Tuesday, October 04, 2005
Chris reads Clement Greenberg--
"Two assertions jump out at me:
1. "If anything and everything can be intuited esthetically, then anything and everything can be intuited and experienced artistically. What we agree to call art cannot be definitively or decisively separated from esthetic experience at large."
2. "If this is so, then there turns out to be such a thing as art at large: art that is, or can be, realized anywhere and at any time and by anybody."
Think about those sentences and their implications for a while. I actually shivered on the bus when I read them this morning; then I read them again to make sure they said what I thought they said. Then checked a third time. Anywhere, at any time, by anybody.

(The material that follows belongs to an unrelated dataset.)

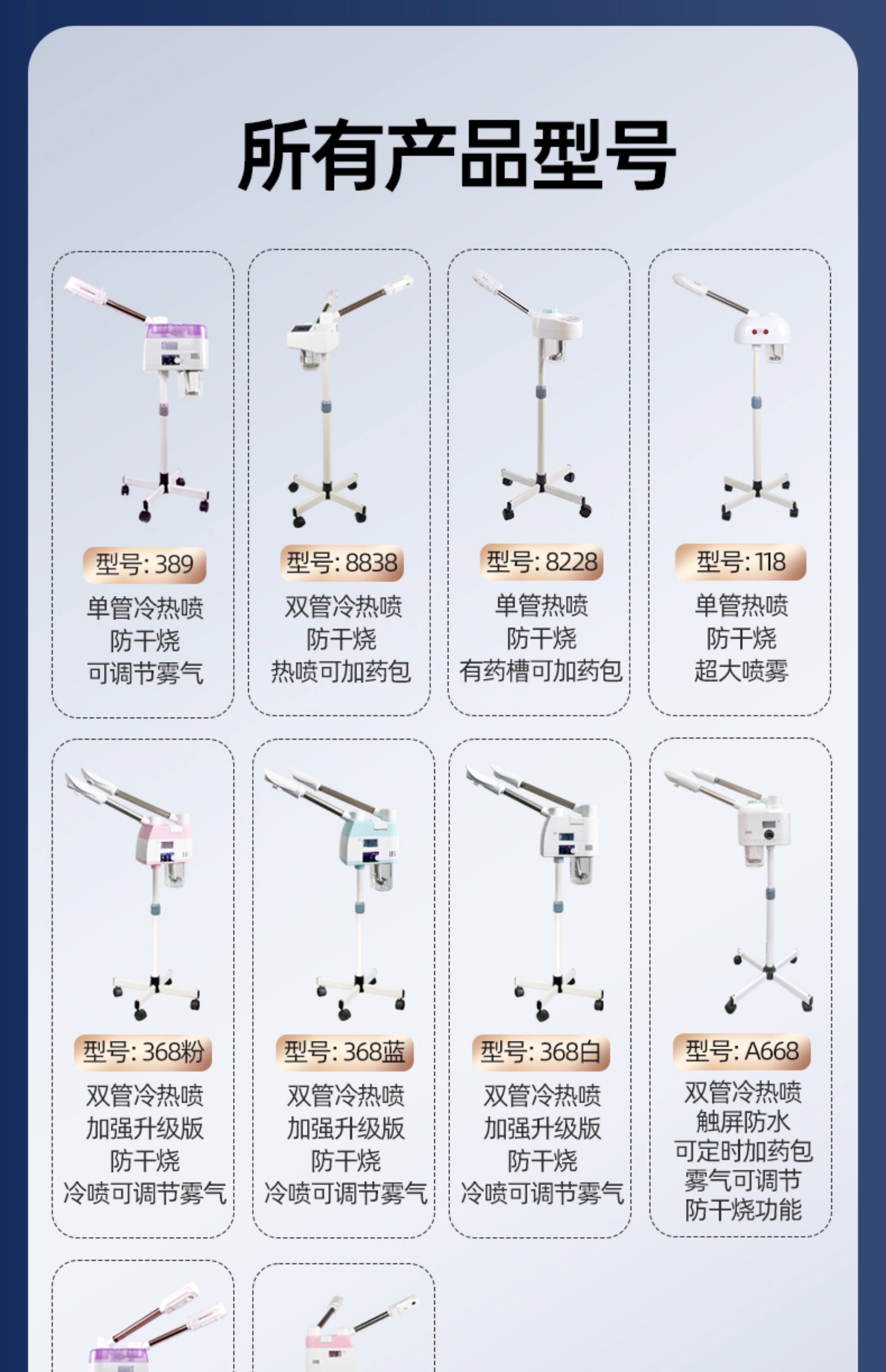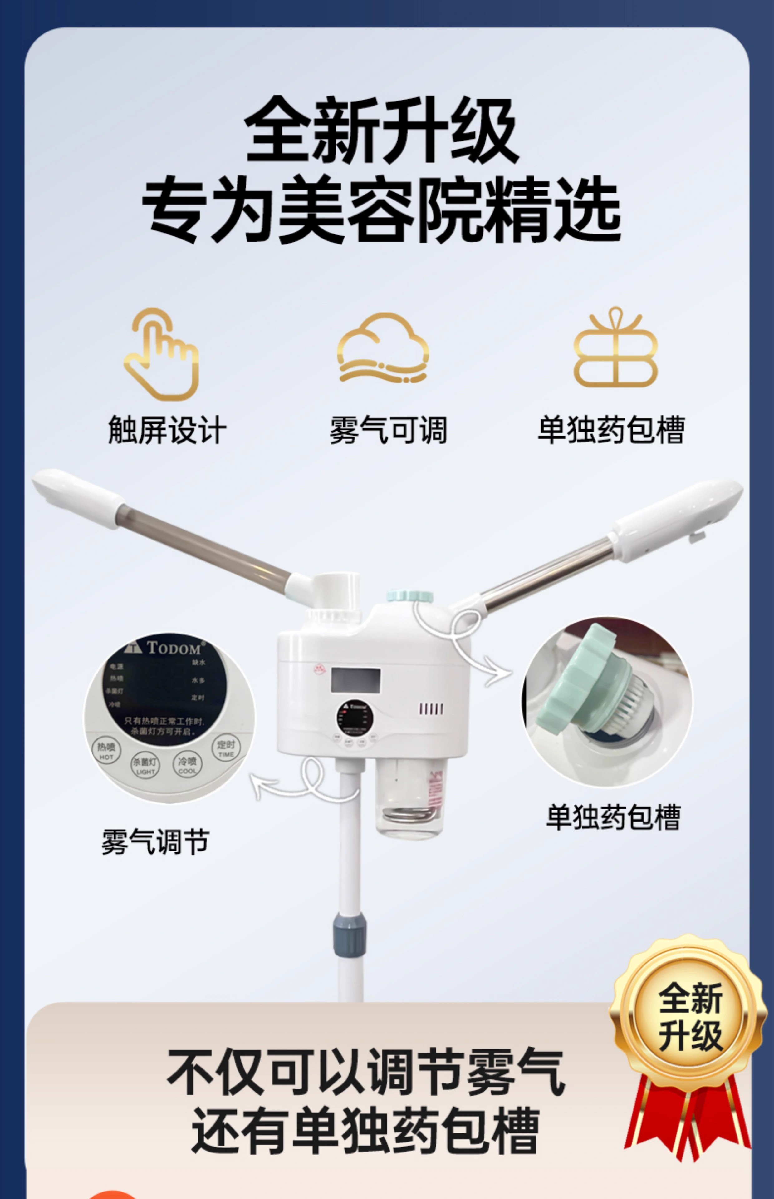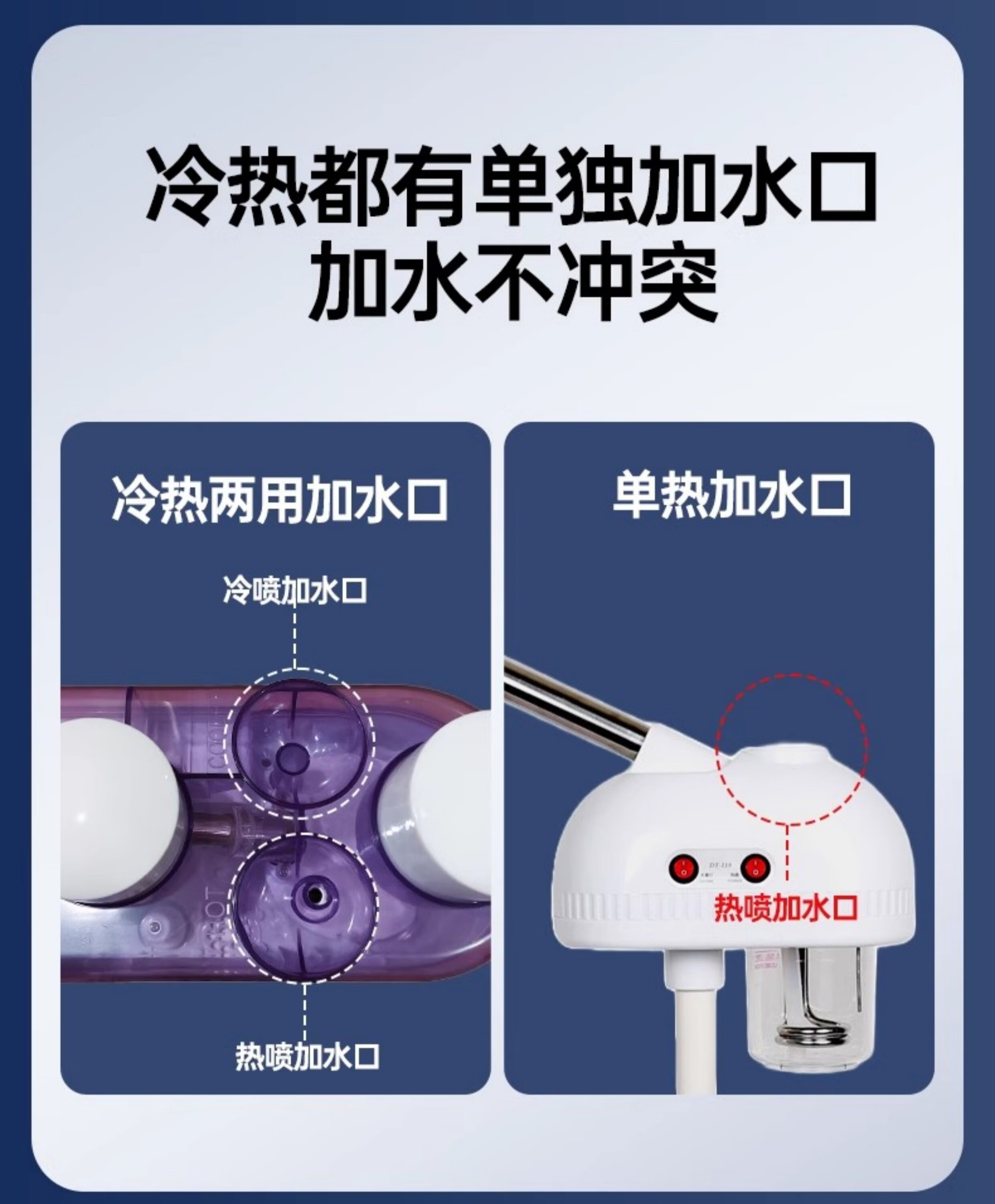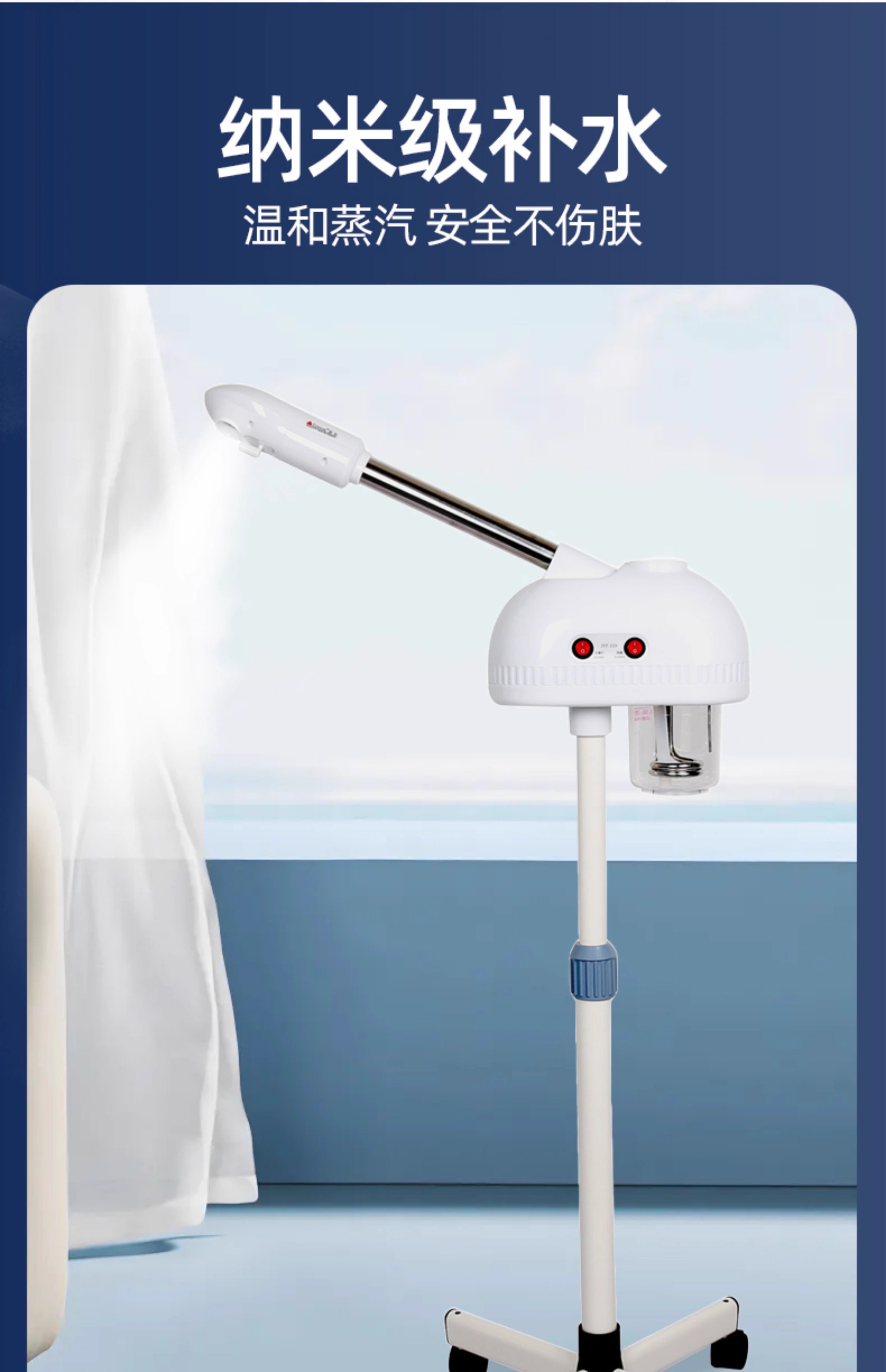 Vaporizador en spray frío y caliente, vaporizador facial, luz de agua facial, spray nanométrico de molécula pequeña, poros hidratantes faciales, especial para salones de belleza, spray frío y caliente de doble tubo + lámpara de aumento 8x + luz ajustable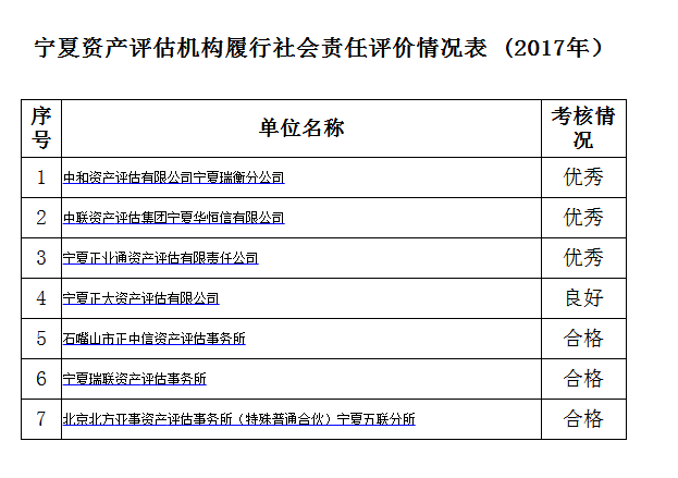 协会公示了《宁夏资产评估机构履行社会责任评价情况表(2017年)》,中和宁夏瑞衡分公司、中联宁夏华恒信有限公司、宁夏正业通等3家资产机构履行社会责任评价结果为优秀。

The ostensibly arch-conservative "formalist" (I put the word in quotes because I personally don't believe it has any meaning, outside of the clear intent to diss whom or whatever so labelled), the champion of bizarre figures like Jules Olitski and Anthony Caro, coming right out and siding with his arch-foe Duchamp. Anything and everything. A blank canvas, carved wood, solar energy, "red," US Navy SEALs, a shark in a tank, fluorescent tubes from the hardware store, copper plate, bronze sculpture, oil on plywood, language, "oral communication," photographs.
No more craft boundaries. No more guilds of skilled makers circling the wagons."